▶ _Task item_:
Send back the line that contains "Stay connected to" and all lines following it through the end of the data below, exactly, omitting pictures.

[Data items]

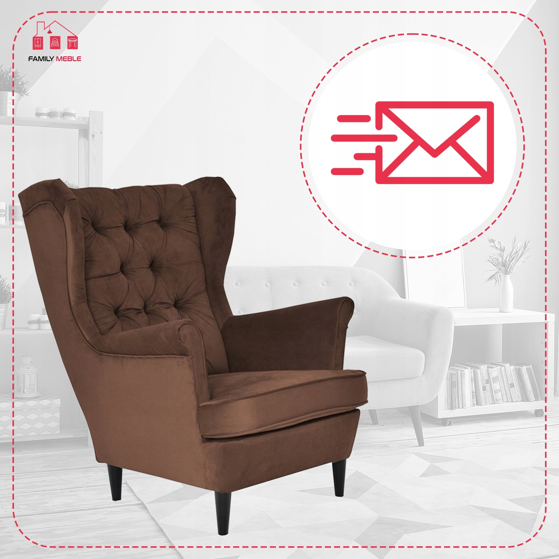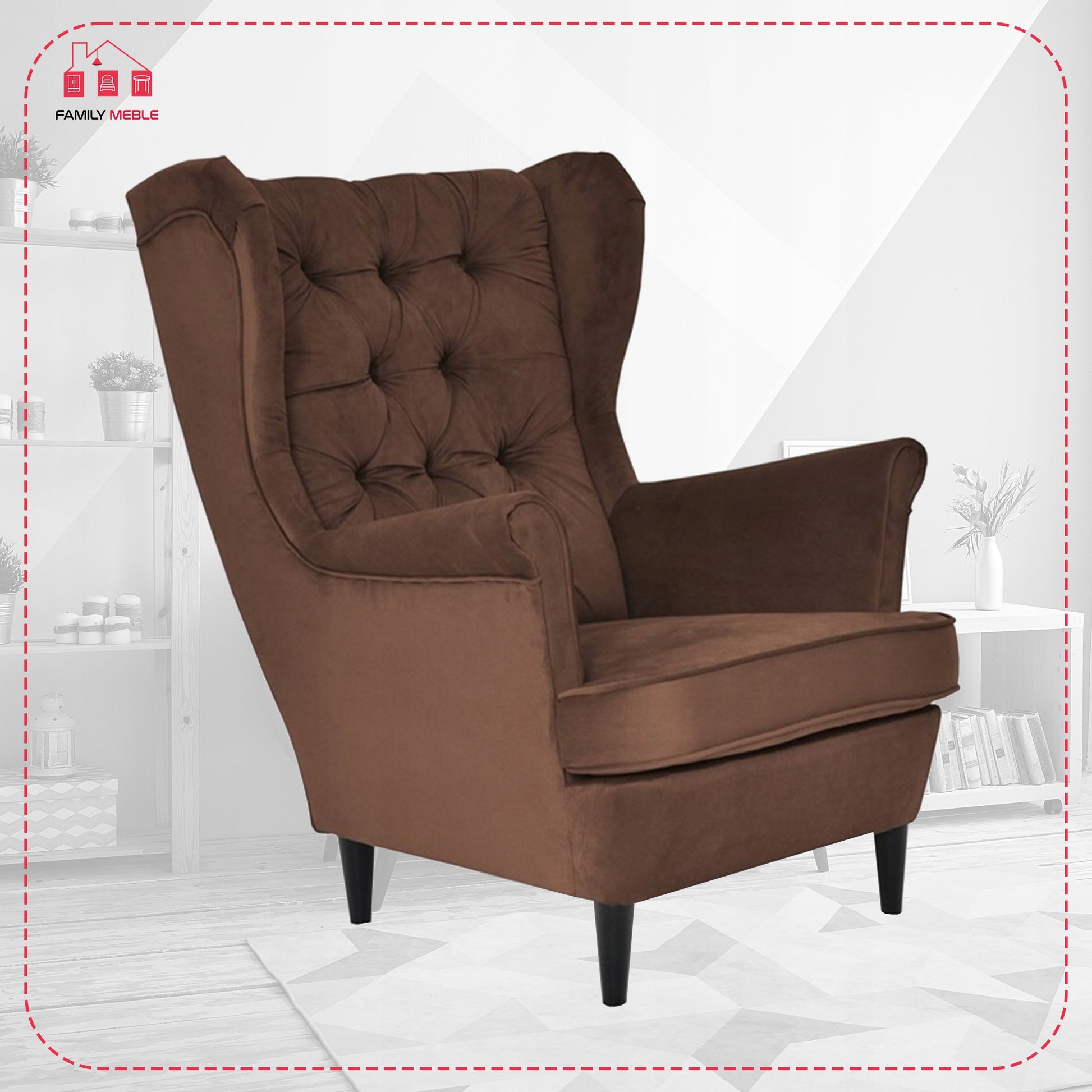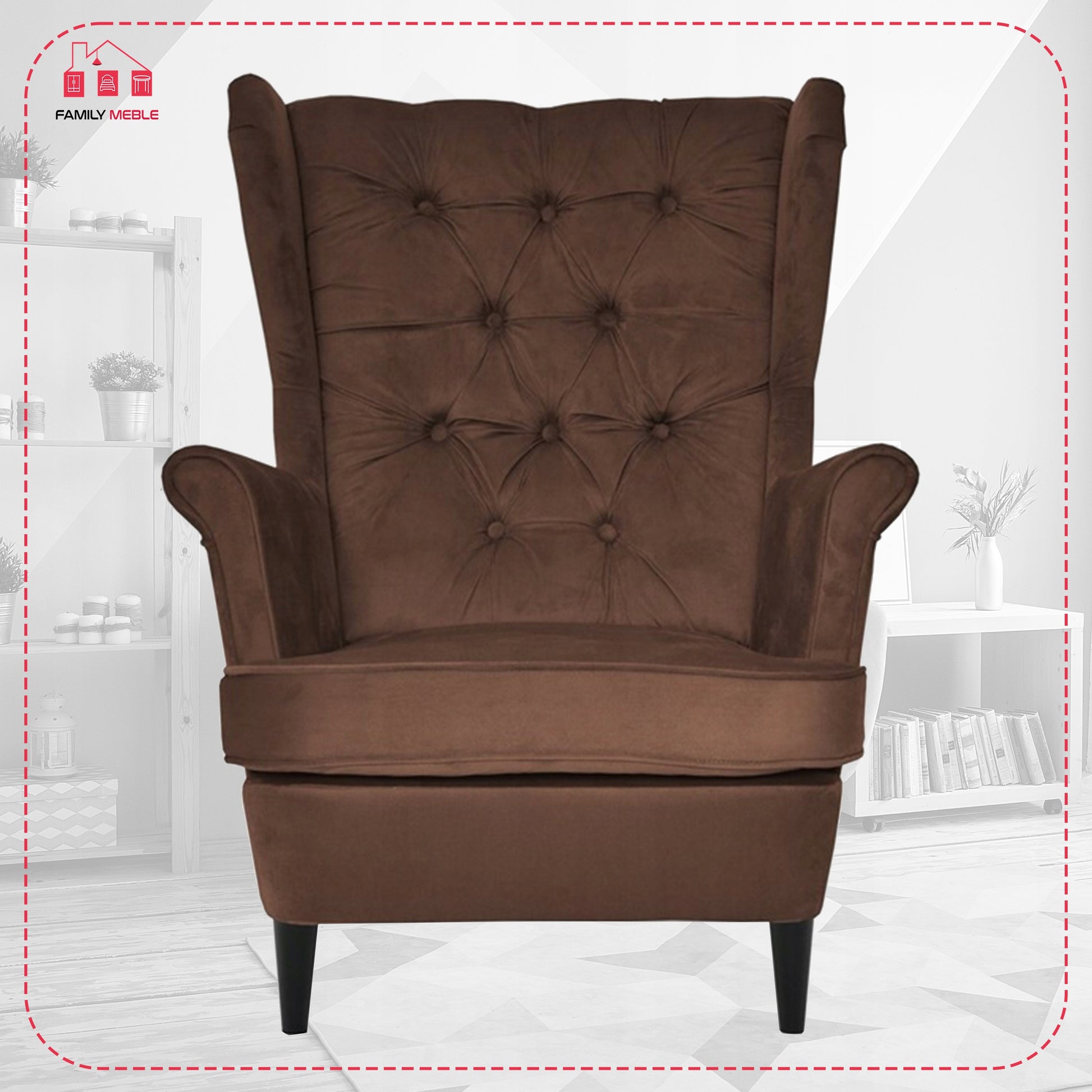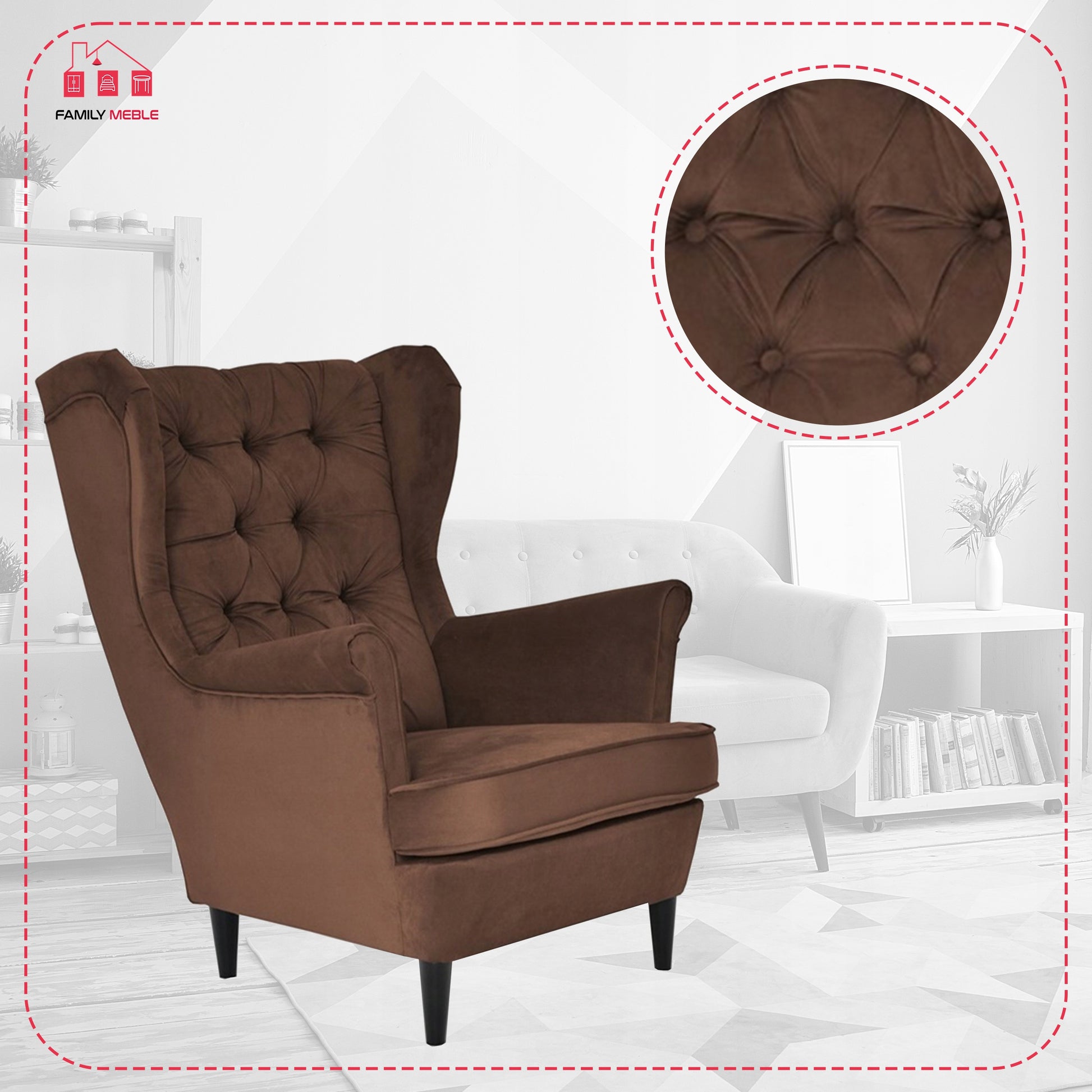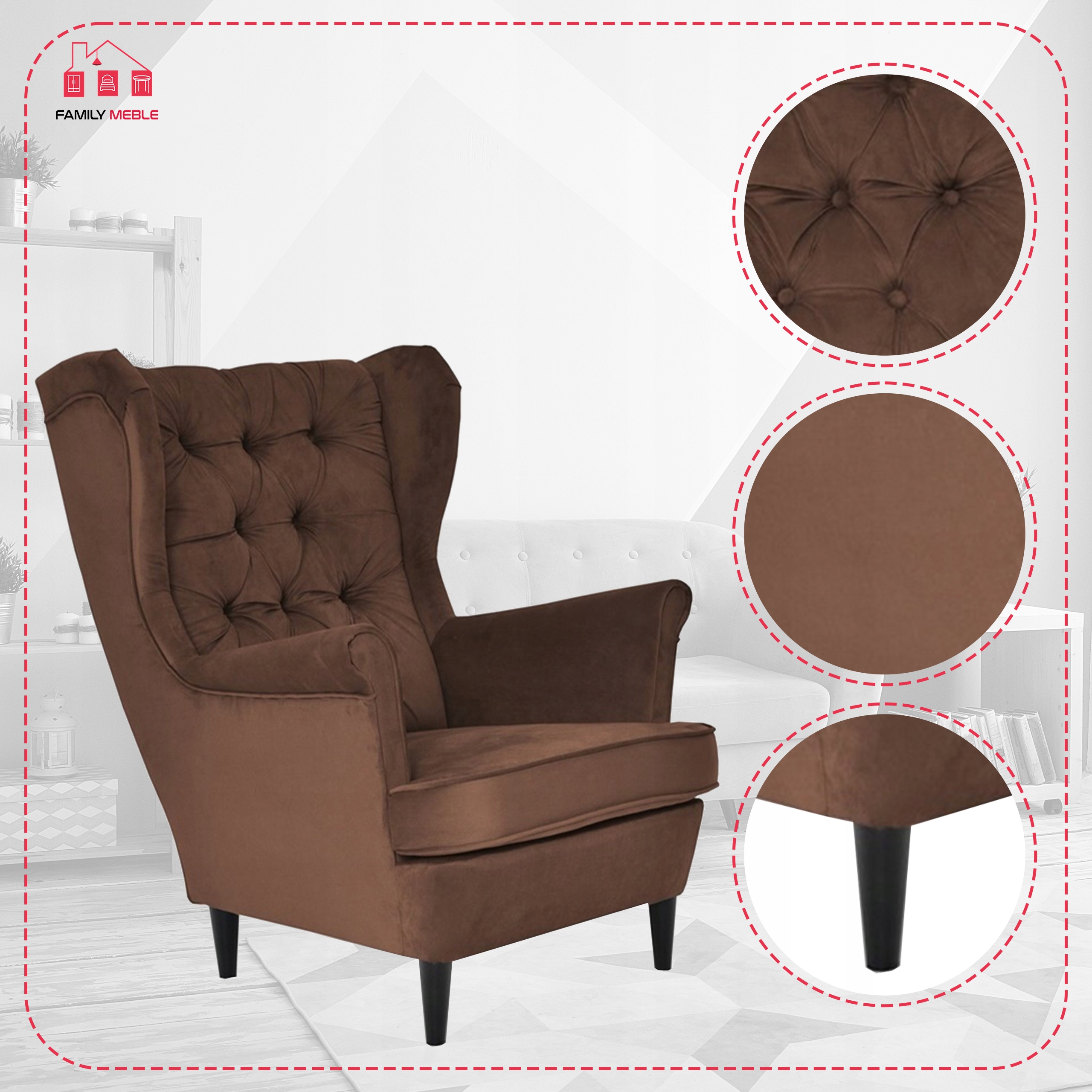 Fotel uszak Gaja skandynawski Family Meble brązowy czekoladowy beżowy
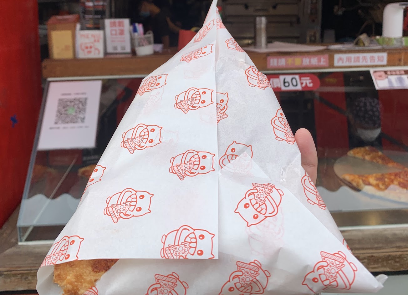來忠孝夜市最常買的東西~怪獸披薩!!今天吃培根蛋~~
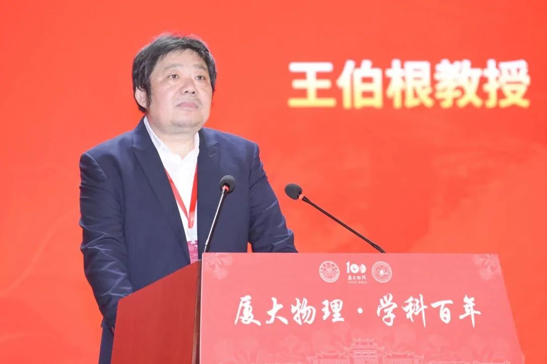 南京大学物理学院院长王伯根教授致辞,他认为厦大物理学科师资力量雄厚,长期承担国家重大科研任务,并取得高水平科研成果,培养了一大批创新人才,为我国物理学科发展做出了重大贡献。希望两院能够继续保持合作,以百年华诞为契机,两院同发展,共进步,为实现中华民族伟大复兴做出更大贡献。
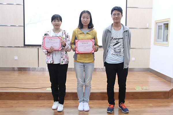 2016级辅导员闫颢芯为一等奖获得者颁奖
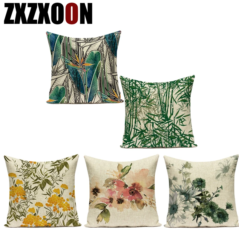 Декоративный чехол для диванных подушек, наволочка с зелеными тропическими пальмами, бамбуковыми цветами, диванами, украшение для гостиной
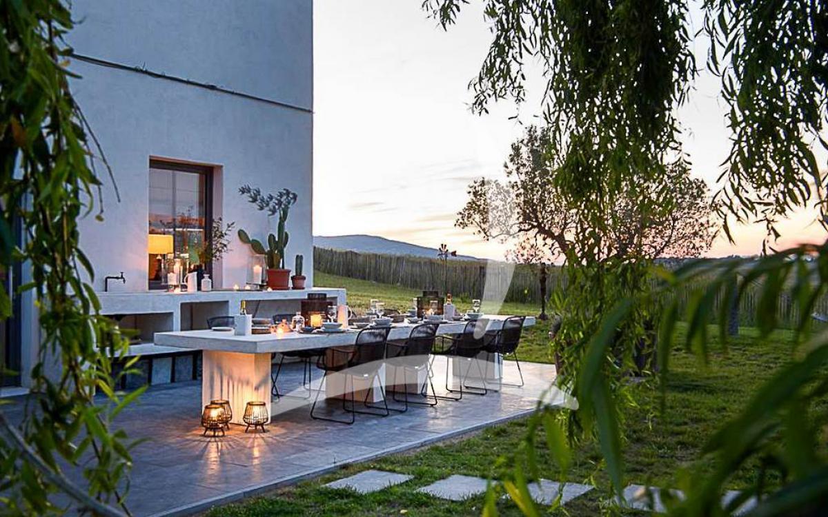 The villa is surrounded by approximately 4,000 sqm of landscaped, fenced gardens featuring a 9 x 5 m swimming pool with an automatic filtration system, a panoramic terrace with dining and lounge areas, an authentic wood-fired pizza oven, and an outdoor bathroom. There is also ample parking space and the possibility of purchasing additional adjoining land currently part of a protected natural reserve.
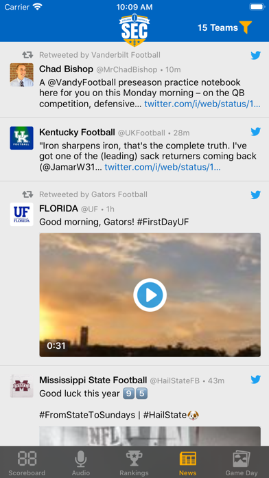Stay connected to your favorite college football teams with the most comprehensive football app for SEC, ACC, Big 10, and Big 12 conferences. GameDay Live delivers everything you need to follow the action from kickoff to the final whistle.
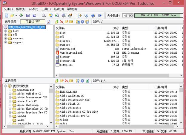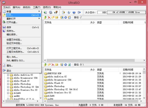 打开UltraISO,用它打开下载并解压好的ISO文件。

▶ _Finished task_:
Stay connected to your favorite college football teams with the most comprehensive football app for SEC, ACC, Big 10, and Big 12 conferences. GameDay Live delivers everything you need to follow the action from kickoff to the final whistle.
 打开UltraISO,用它打开下载并解压好的ISO文件。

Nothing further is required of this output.